L’inéluctable conclusion, c’est que la différenciation sexuelle crée une différence d’âme. Dans leur état d’être actuel, les sexes ont des mentalités dissemblables et distinctes. Avant la puberté, la différence semble moins grande ; après l’âge critique, elle diminue également ; mais à l’époque de la pleine floraison sexuelle, ils semblent être au pôle l’un de l’autre.
Peut-être cette divergence et cet éloignement sont-ils nécessaires pour provoquer cette recherche passionnée de l’union sexuelle qui constitue l’amour. À preuve ce désir violent de réconciliation et de réunion qui suit une querelle ou une discussion mettant plus encore en relief l’incompatibilité innée des sexes. Ceux qui s’aiment à la folie ne sont-ils pas ordinairement inaptes à vivre en bonne intelligence ? Entre de véritables « âmes sœurs », s’entre-comprenant parfaitement, attirées naturellement vers la même vie, il existe à peine l’attraction sexuelle voulue pour ne pas rendre monotone la vie commune, il n’y a pas de passion aveuglante.

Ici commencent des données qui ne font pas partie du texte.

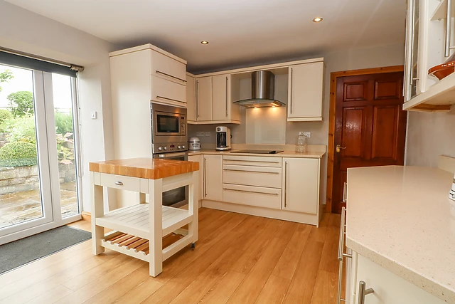 The heart of this home is its inviting kitchen, leading to a spacious sitting and dining area adorned with a woodburning stove for cosy evenings.
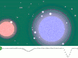 A binary star system consists of two stars that orbit around each other. Often, the two stars are too close together to see through a telescope. We can learn that a star is binary by watching the combined light from the two stars change in brightness. A graph of this change over time is called a light curve. In the diagram at left there is a large and a small star. The orbits are oriented so that periodically one star will pass in front of the other and block the light from the other star. The light curve beneath the animation shows the change in brightness of the combined light from the two stars.

Les sexes demeurent des mystères l’un à l’autre, mais des mystères s’attirant. Où manque le mystère peut aussi manquer l’attraction. Ils sont bien plus rapprochés et se comprennent davantage lorsqu’ils s’unissent dans la caresse et dans le mystère silencieux et tendres de l’amour. Mais s’ils tentent de s’expliquer verbalement, alors se présentent les abîmes insondables et les pics inaccessibles. Cependant, se montrer l’un à l’autre tel que, c’est ce qui profite et réunit le plus. S’abandonner au désespoir, au dédain, à l’indifférence conduit uniquement à la séparation – car les sexes ne s’intéressent l’un à l’autre que dans la mesure où ils s’efforcent de se comprendre. Dire que l’on s’aimera sans chercher à se comprendre implique que si l’on se comprenait, l’amour disparaîtrait. C’est un paradoxe, mais c’est pourtant la vérité.